THE NUTS; TANOA is prepared for Kingship of his tropical paradise by being sent too the U.S.A. to learn Western knowledge with CORKY as chaperon. ALOMA in his absence is being groomed as future consort and Queen. Childhood friend/rival REVO (Phillip Reed) now is more interested in ALOMA then KARI (Katherine DeMille) who loves him. This creates a complicated love QUADRANGLE! It is resolved, unfortunately for two (2) of them not very happily. Then again Murder and Volcanic eruptions are not really the way to solve such problems.

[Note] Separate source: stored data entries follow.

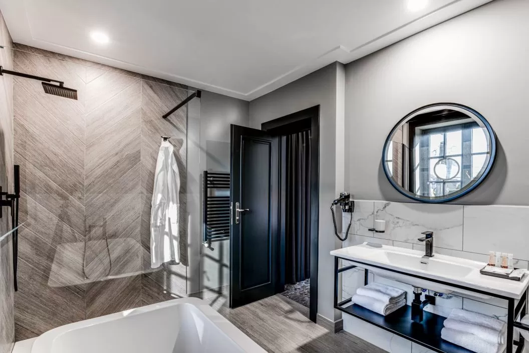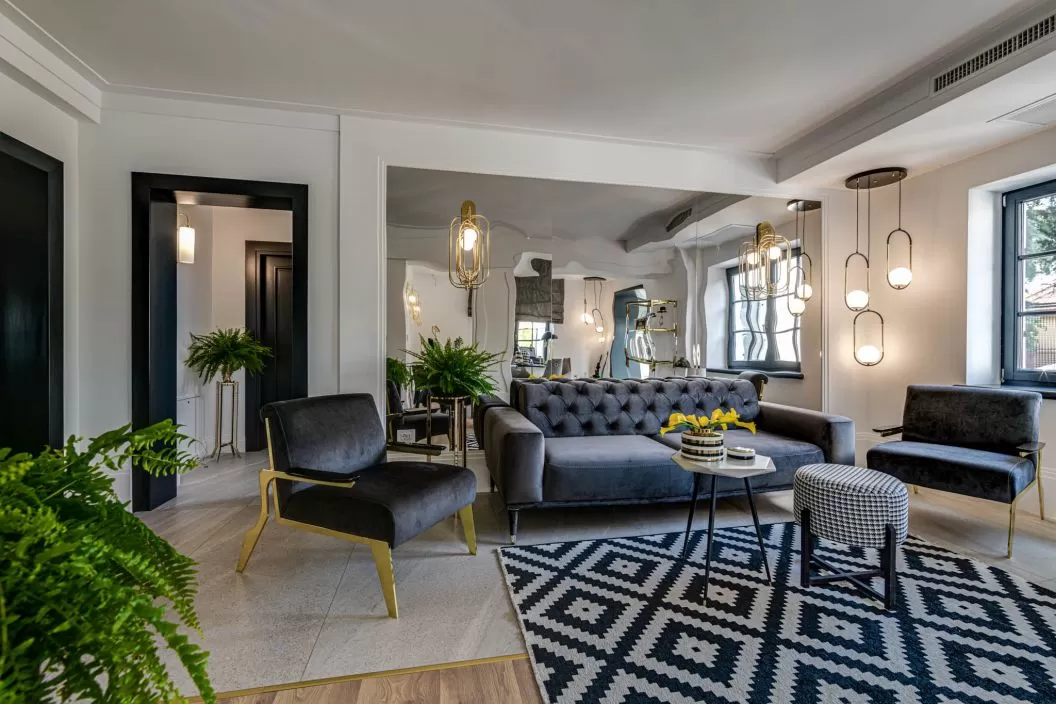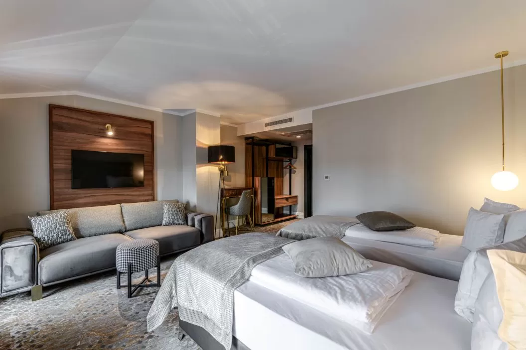 Camera dubla Deluxe are suprafata 35 m2, capacitate 1-3 persoane, 1 pat King si canapea, baie proprie cu duș, uscător de păr, halate de baie, articole de toaletă, aer condiționat, TV cablu cu ecran plat, Internet, pereți izolați fonic, minibar, zonă de relaxare, vedere la o stradă liniștită.
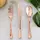 Набір пластикових столових приборів 18 шт якісних (ножі, виделки, ложки).Багаторазовий посуд, рожеве золото
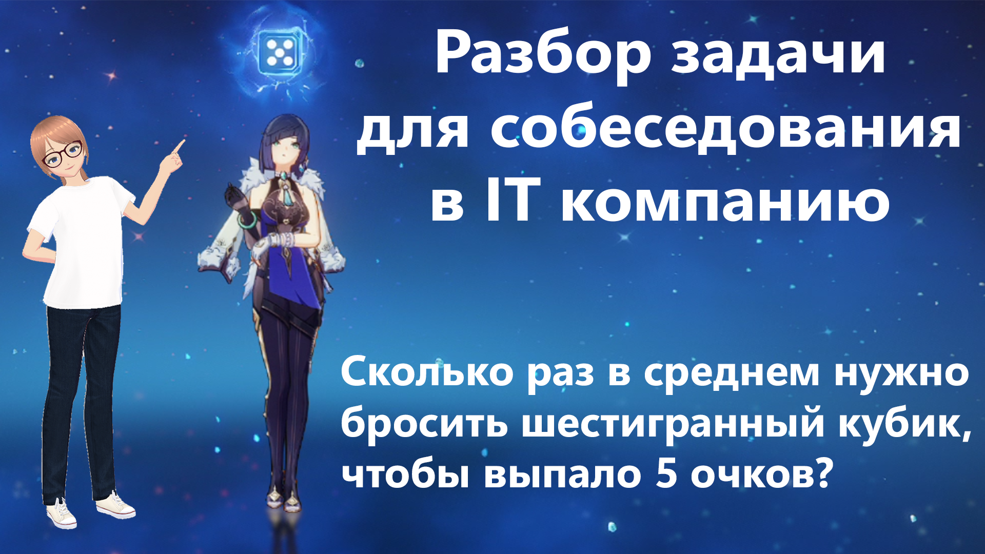 Недавно ко мне обратилась девушка, которая готовилась к собеседованию в IT компанию. Там очень любят давать задачи по теории вероятностей. Особенно важно знать различные распределения дискретных случайных величин. В итоге она успешно прошла 2 собеседования. Вот одна из задач, которые мы решали. Задача. Сколько раз в среднем нужно бросить шестигранный кубик, чтобы выпало число 5? #genshin #математика #теориявероятностей #собеседование #собеседованиенаработу

Like THE HURRICANE (1937) and TYPHOON (1940) this film ends with the BIG DISASTER. It is not in there league. Though with Gordon Jennings at the helm of the SFX for PARAMOUNT you get your money's worth, though it only lasts about six (6) minutes. Being in TechniColor it is most impressive. SFX shots were very difficult composites with the Three (3) Strip TechniColor film stock. This is WAY before digital com-positing created seamless effects. Only a master like Jennings can make it credible, he knew the limitations of the time so they had to be over the top and startling, exceeding expectations. The eruption later found itself into other films including WHEN WORLDS COLLIDE (1951) and ATLANTIS THE LOST CONTINENT (1961).

Unfortunately it is not possible to judge the film against its silent (1926) predecessor. PARAMOUNT being particularly lax in the preservation of its film library and history. Unfortunately UNIVERSAL the current owner of its library is just as indifferent. No doubt hoping all will rot away so they can just use them for a tax write-off for decades of projected loss income. A typical short-term solution by 'Big Business'.